Enforcement action: distraint: after the levy: offences connected with distraint
There are many offences connected with distraint and any party can commit them.
Forexample, the distrainor will commit an offence if the distraint is either:
- illegal (if it was wrongful from the outset)
- irregular (if the levy was carried out correctly but the distrainor does something unlawful afterwards such as failure to release the goods on tender of payment of the debts and costs).
The aggrieved party may sue the distrainor for damages for these offences.
You should be conscious of the risks involved and seek advice from your technical manager if you think that your actions may be challenged.
Debtors can also commit offences, usually involving interference with distrained goods, and it is worth mentioning just two.
If a person (whether or not they are the debtor) knowingly removes or disturbs distrained assets without your permission they may be guilty of pound breach and possibly also breach of Walking Possession. This breach can include an insolvency practitioner who disposes of goods, often as part of a sale of the business, where a levy is in place prior to his appointment. The distrainor is entitled to recover the goods or to sue for damages.

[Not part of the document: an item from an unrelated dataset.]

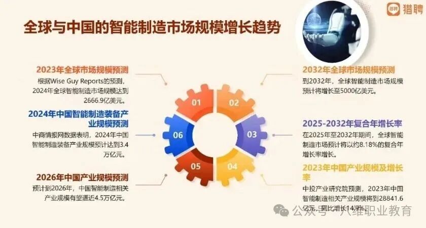 獵聘《2025年智能制造領(lǐng)域人才供需洞察報(bào)告》信息顯示,中國智能制造業(yè)在政策支持、市場體量、技術(shù)發(fā)展等多方面因素影響下,有望在2030年前躋身行業(yè)第一梯隊(duì)。預(yù)測2025年行業(yè)規(guī)模將突破5萬億元,未來十年復(fù)合增長率保持12%-15%。

Breach of walking possession
Similarly, a debtor who has entered into a Walking Possession agreement and knowingly breaks its terms, is in breach of the agreement and the distrainor is entitled to sue for damages (see also DMBM655740 where access to distrained goods is prevented).
S68 VAT Act 1994 provides that penalties, equal to 50 per cent of the amount for which distress was levied, may be imposed against anyone who breaches a Walking Possession arrangement for indirect taxes only (a suitable warning appears on form C204a).
Title to distrained goods
Title to the distrained assets remains with the defaulter until sale at public auction. The goods do not, at any stage, belong to the Department so the goods have not been ‘stolen’ from the Department (see the Note at DMBM655030).
Breach is not a criminal offence but a civil offence (tort).
You can minimise the risk of either offence by taking sufficient measures to ensure that you have possession of the goods at all times.